Mesomyzon's exquisitely preserved fossils show a creature very similar to modern-day lampreys, having a well-developed sucking oral disk, a branchial basket, at least seven pairs of gill pouches and corresponding gill arches, impressions of gill filaments, and at least 80 myomeres of its musculature. Its anterior (first) dorsal fin was very long, running down 44%-48% of its body, and it had a ribbon-like preanal skin fold not known in any other lamprey. It had the same three-phase life cycle found in modern lampreys.

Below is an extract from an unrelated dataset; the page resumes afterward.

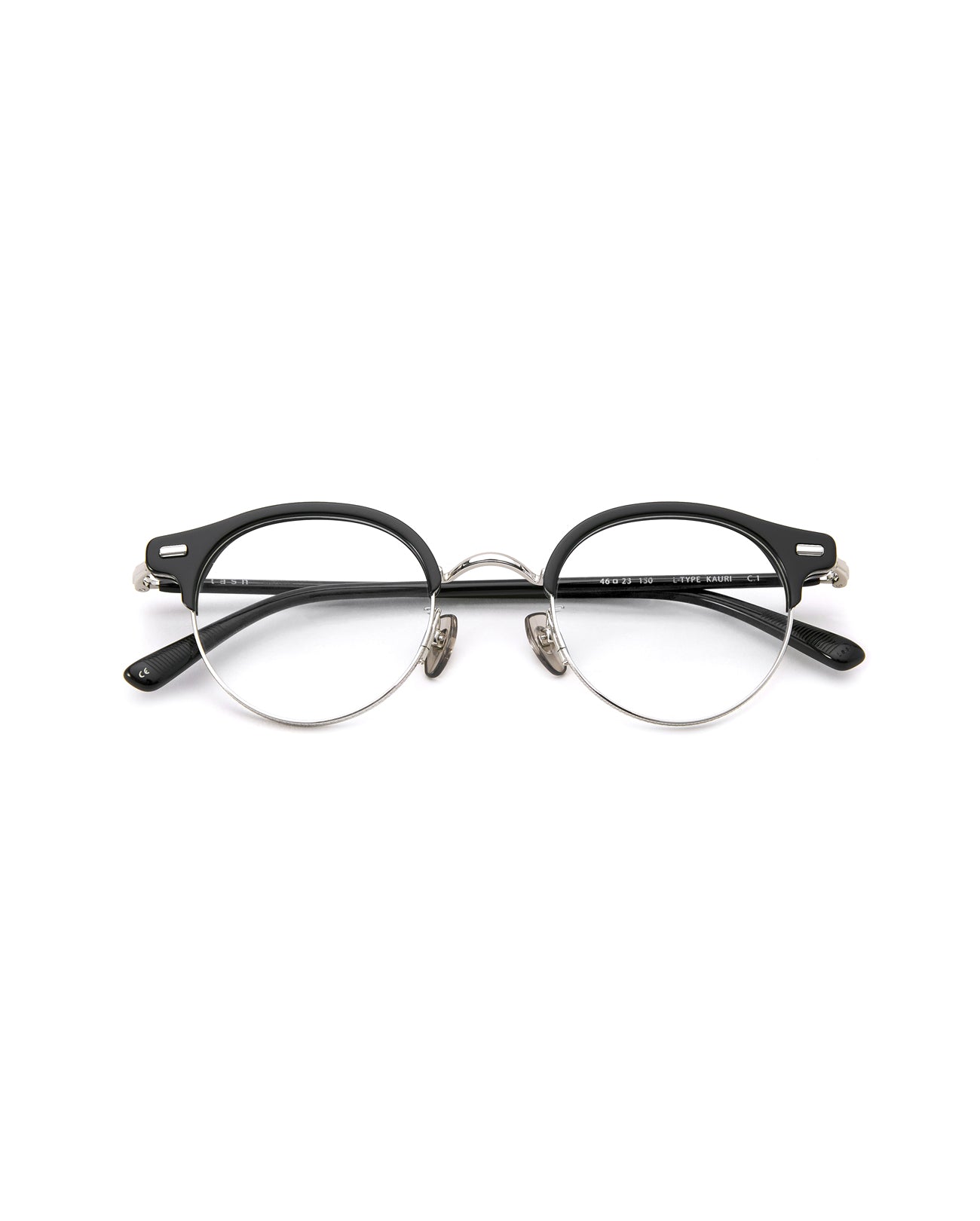 Round acetate and metal combination brow line optical frame. The refined edition is made with the minimum thickness of acetate (4mm), which gives a light and comfortable fit. It shows a natural silhouette with Refined Edition's unique endpiece design that falls softly and flexibly from the end of the frame. It features the signature engraving de

A phylogenetic analysis conducted in 2018 shows that Mesomyzon is the fossil lamprey most closely related to modern taxa, though it is not closely related to any modern group. On the other hand, Brownstein & Near (2022) found it to be a member of the lamprey crown group, most closely related to Petromyzontidae. However, a 2023 study found it again to be a derived stem lamprey, with the earlier Yanliaomyzon from the same region found to be more closely related to modern lampreys. This study also suggested Mesomyzon to be a blood feeder.